:: Requirement ::
Every record needs to be repeated exactly; its pictures do not.
*** Opening Data extract ***
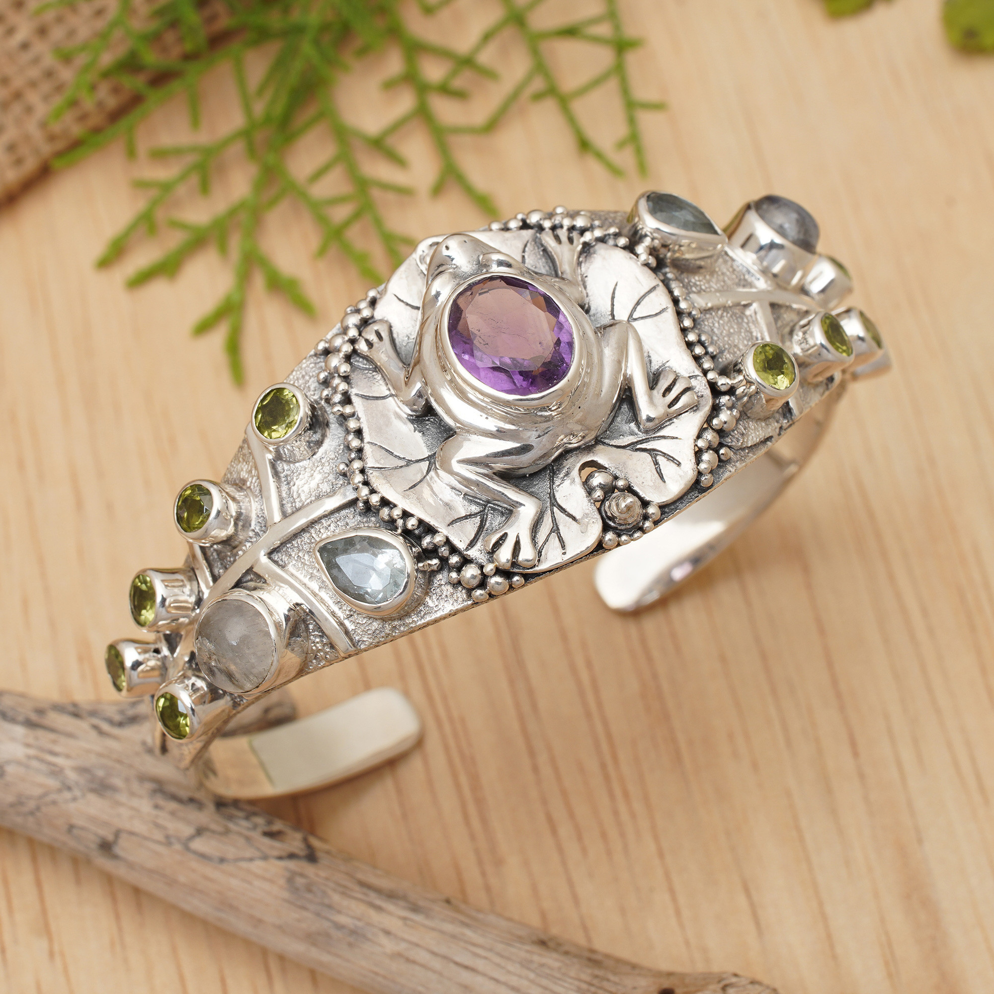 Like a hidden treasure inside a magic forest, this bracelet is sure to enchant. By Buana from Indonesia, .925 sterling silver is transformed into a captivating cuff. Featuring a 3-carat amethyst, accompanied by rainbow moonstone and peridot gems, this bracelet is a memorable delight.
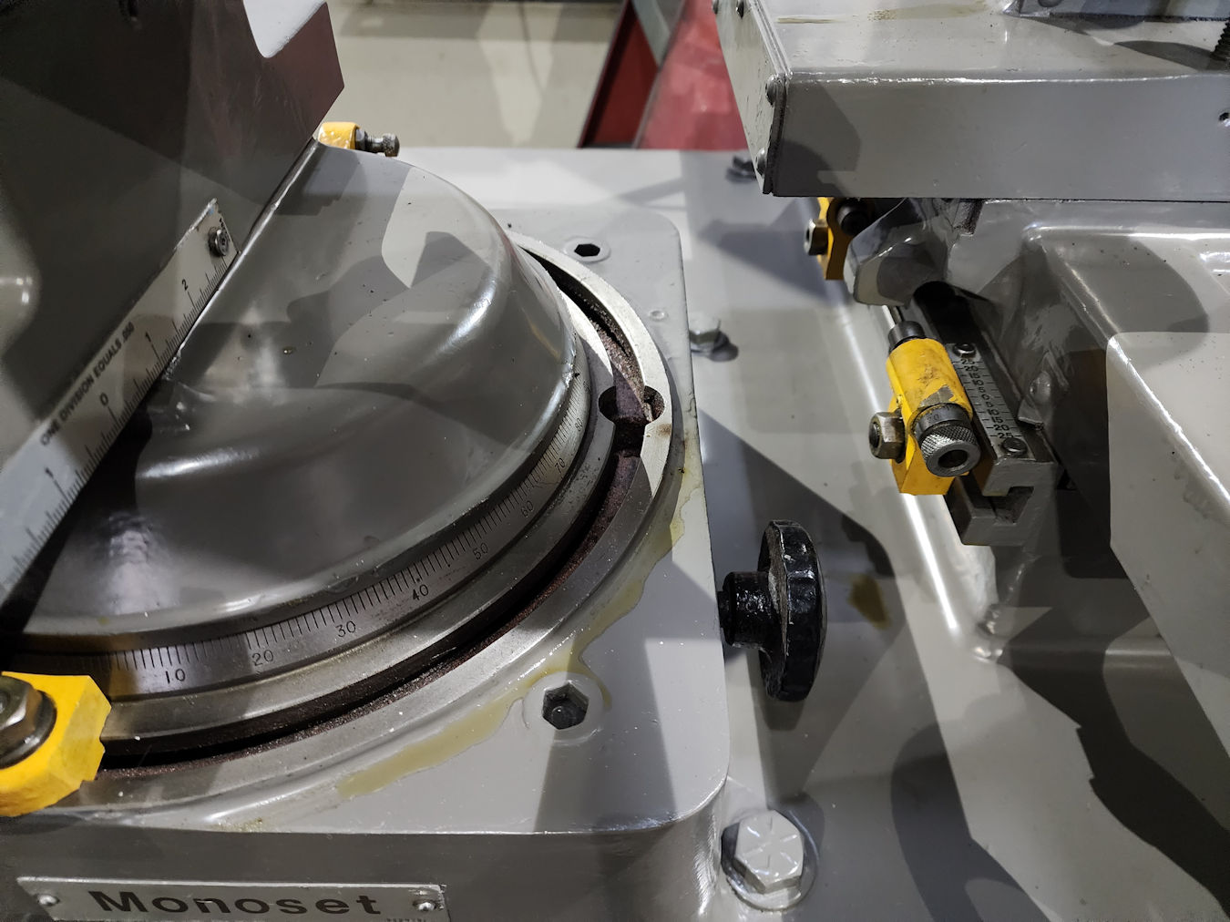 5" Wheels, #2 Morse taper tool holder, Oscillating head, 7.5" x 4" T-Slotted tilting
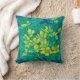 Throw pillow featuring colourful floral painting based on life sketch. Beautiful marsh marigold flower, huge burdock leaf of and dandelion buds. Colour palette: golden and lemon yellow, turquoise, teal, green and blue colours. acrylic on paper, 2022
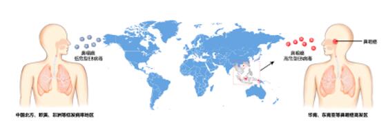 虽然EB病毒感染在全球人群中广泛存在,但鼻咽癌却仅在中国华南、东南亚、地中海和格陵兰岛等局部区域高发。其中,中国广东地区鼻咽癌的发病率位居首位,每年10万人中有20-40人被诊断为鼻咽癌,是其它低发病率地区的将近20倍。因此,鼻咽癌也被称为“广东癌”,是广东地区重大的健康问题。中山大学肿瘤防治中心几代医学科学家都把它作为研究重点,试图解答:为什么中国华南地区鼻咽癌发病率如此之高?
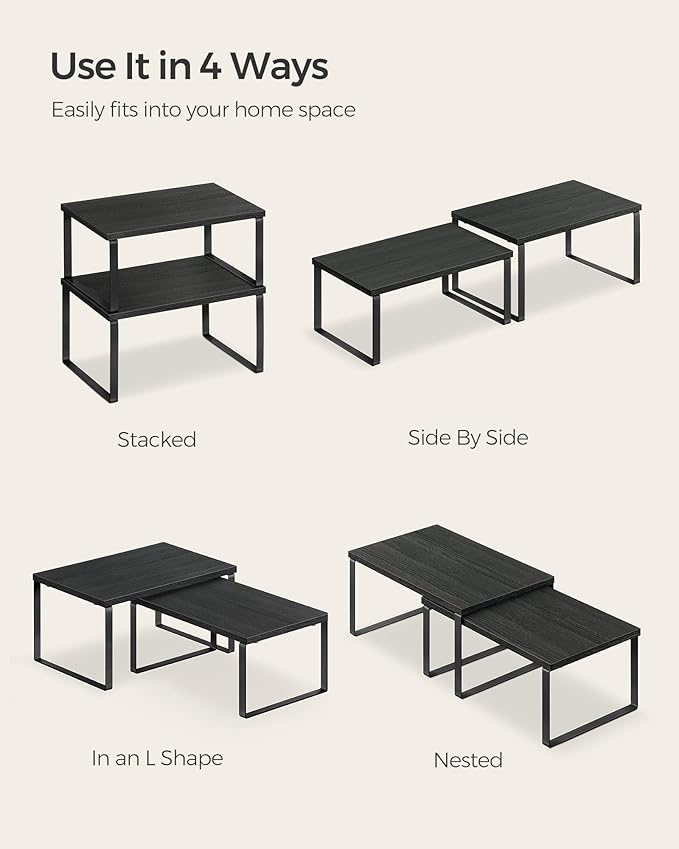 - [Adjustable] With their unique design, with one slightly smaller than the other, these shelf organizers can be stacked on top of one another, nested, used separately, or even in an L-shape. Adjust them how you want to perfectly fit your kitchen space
*** Closing Data extract ***
:: Final answer ::
 Like a hidden treasure inside a magic forest, this bracelet is sure to enchant. By Buana from Indonesia, .925 sterling silver is transformed into a captivating cuff. Featuring a 3-carat amethyst, accompanied by rainbow moonstone and peridot gems, this bracelet is a memorable delight.
 5" Wheels, #2 Morse taper tool holder, Oscillating head, 7.5" x 4" T-Slotted tilting
 Throw pillow featuring colourful floral painting based on life sketch. Beautiful marsh marigold flower, huge burdock leaf of and dandelion buds. Colour palette: golden and lemon yellow, turquoise, teal, green and blue colours. acrylic on paper, 2022
 虽然EB病毒感染在全球人群中广泛存在,但鼻咽癌却仅在中国华南、东南亚、地中海和格陵兰岛等局部区域高发。其中,中国广东地区鼻咽癌的发病率位居首位,每年10万人中有20-40人被诊断为鼻咽癌,是其它低发病率地区的将近20倍。因此,鼻咽癌也被称为“广东癌”,是广东地区重大的健康问题。中山大学肿瘤防治中心几代医学科学家都把它作为研究重点,试图解答:为什么中国华南地区鼻咽癌发病率如此之高?
 - [Adjustable] With their unique design, with one slightly smaller than the other, these shelf organizers can be stacked on top of one another, nested, used separately, or even in an L-shape. Adjust them how you want to perfectly fit your kitchen space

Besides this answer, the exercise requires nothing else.